Outside, the city lights of Munich streaked by, gold and white and red, as the team bus, champions of Europe, made its slow, triumphant way toward the hotel.
[The Next Morning]
Saka laughed softly as he hoisted his bag into the overhead compartment, the plane humming faintly as the rest of the squad settled in around him.
"That was nice of them, though," he said, glancing at Izan with a grin.
"All those fans waiting outside just to see us off again. You’d think they’d be asleep by now after all that went on last night."
Izan, leaning back in his seat, nodded quietly.
His mind drifted back to that moment outside the airport, the little boy who had been pressed against the barriers, shivering slightly in the cold, his Arsenal flag wrapped tight around his shoulders.
Izan had pulled off his warm-up jacket and handed it to him without a word.
But the boy’s face had lit up like floodlights on a winter night.
"Yeah," Izan murmured, a small smile tugging at his lips.
"We wouldn’t be anywhere without them."
He paused, eyes glinting just slightly as he added, "Or without the readers either."
Saka blinked. "The who?"
Izan chuckled, shaking his head. "Never mind."
The sound of chatter filled the cabin, Rice teasing Raya about his post-match post on IG, Zinchenko already snoring against the window, and Martinelli trying to FaceTime his family.
Amid the noise, Nwaneri rubbed his palms together with the kind of grin that made the others wary.
"I can’t wait for the parade through London," he said, eyes gleaming as though he could already see the confetti, the open-top bus, the crowd of thousands.
"It’s gonna be mad.
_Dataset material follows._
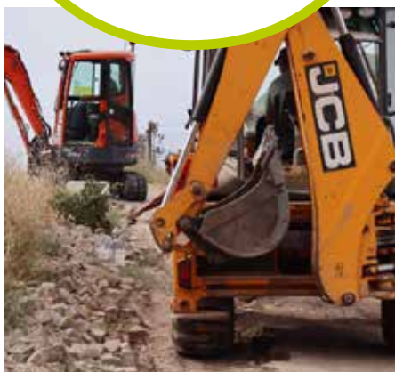
Melhoramento do sistema de abastecimento de água em Vale de Madeiro.

I’m talking roads closed, fireworks, everything."
At the front of the cabin, Arteta turned slightly in his seat, one eyebrow raised.
"Sure," he said flatly.
The single word carried just enough weight to make Nwaneri’s grin falter.
He frowned, leaning toward Lewis-Skelly beside him. "What does sure mean like that?"
Skelly shrugged, suppressing a laugh. "Means he’s already planning training, bro."
Nwaneri groaned, sinking back into his seat.
"Man, can’t we at least land before the lectures start?"
Izan laughed under his breath, glancing out the window as the engines began to hum louder.
The runway lights blinked in rhythm outside, and for a fleeting moment, everything felt still, the world below quiet, the sky waiting.
Champions of Europe, on their way home.